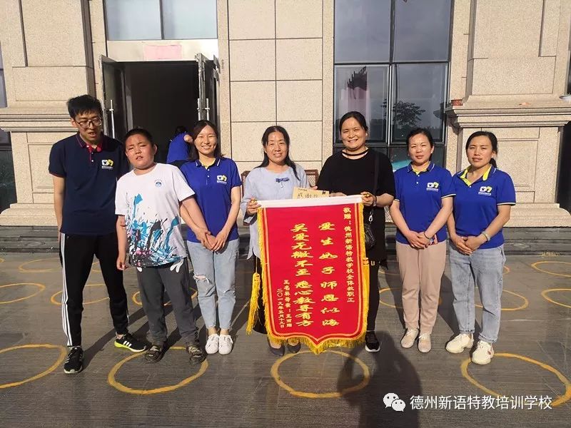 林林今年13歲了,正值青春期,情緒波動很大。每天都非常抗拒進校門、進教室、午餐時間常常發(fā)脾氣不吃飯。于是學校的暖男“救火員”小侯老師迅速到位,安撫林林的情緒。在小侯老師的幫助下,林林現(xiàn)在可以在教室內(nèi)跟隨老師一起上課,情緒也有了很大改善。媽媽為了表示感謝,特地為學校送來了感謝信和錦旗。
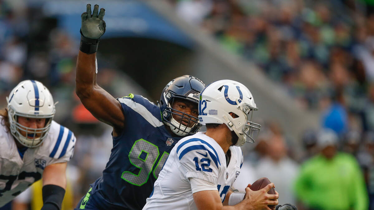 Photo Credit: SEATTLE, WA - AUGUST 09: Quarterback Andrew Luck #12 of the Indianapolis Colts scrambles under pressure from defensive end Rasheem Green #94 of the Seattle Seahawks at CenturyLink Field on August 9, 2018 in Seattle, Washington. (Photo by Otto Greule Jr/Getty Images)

...

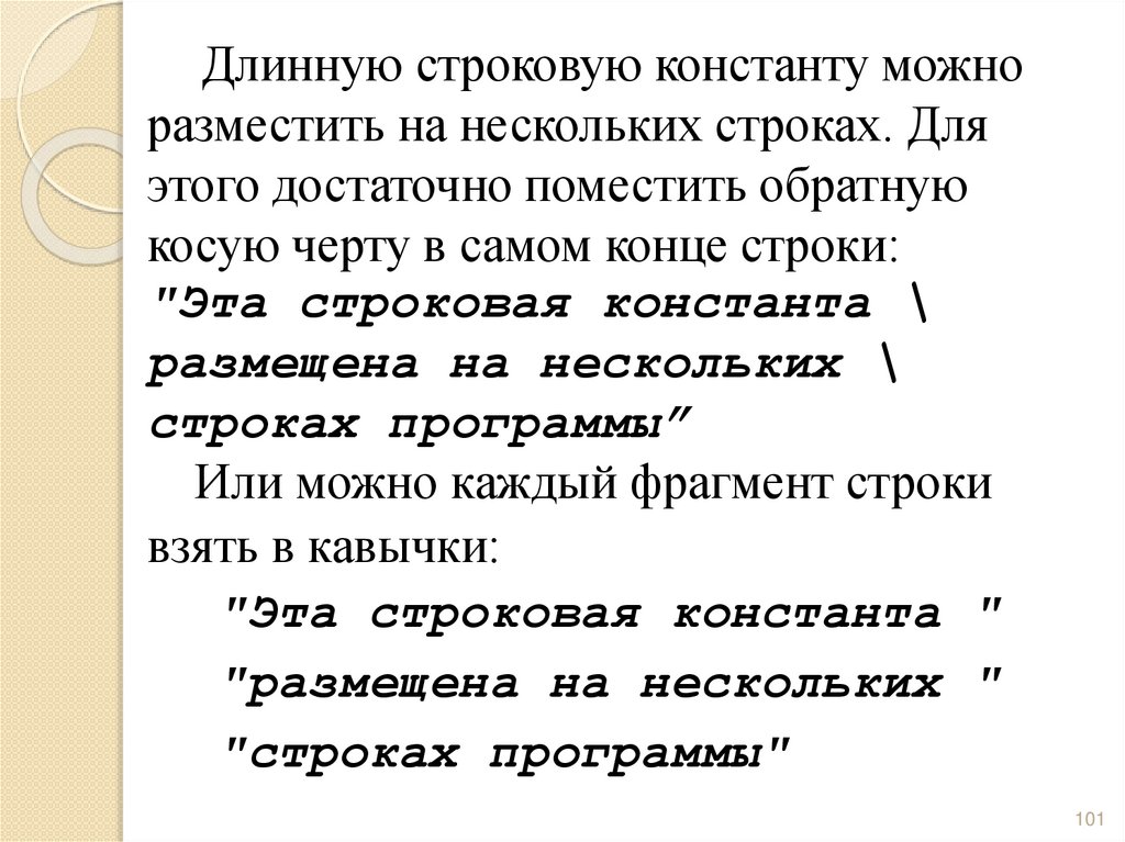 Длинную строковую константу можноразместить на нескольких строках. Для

● **Work to complete**:
Return, exactly as they stand, the lines above from the one with "林林今年13歲了,正值青春期" to the one with "Photo Credit: SEATTLE, WA", omitting any pictures among them.

● **Problem solution**:
 林林今年13歲了,正值青春期,情緒波動很大。每天都非常抗拒進校門、進教室、午餐時間常常發(fā)脾氣不吃飯。于是學校的暖男“救火員”小侯老師迅速到位,安撫林林的情緒。在小侯老師的幫助下,林林現(xiàn)在可以在教室內(nèi)跟隨老師一起上課,情緒也有了很大改善。媽媽為了表示感謝,特地為學校送來了感謝信和錦旗。
 Photo Credit: SEATTLE, WA - AUGUST 09: Quarterback Andrew Luck #12 of the Indianapolis Colts scrambles under pressure from defensive end Rasheem Green #94 of the Seattle Seahawks at CenturyLink Field on August 9, 2018 in Seattle, Washington. (Photo by Otto Greule Jr/Getty Images)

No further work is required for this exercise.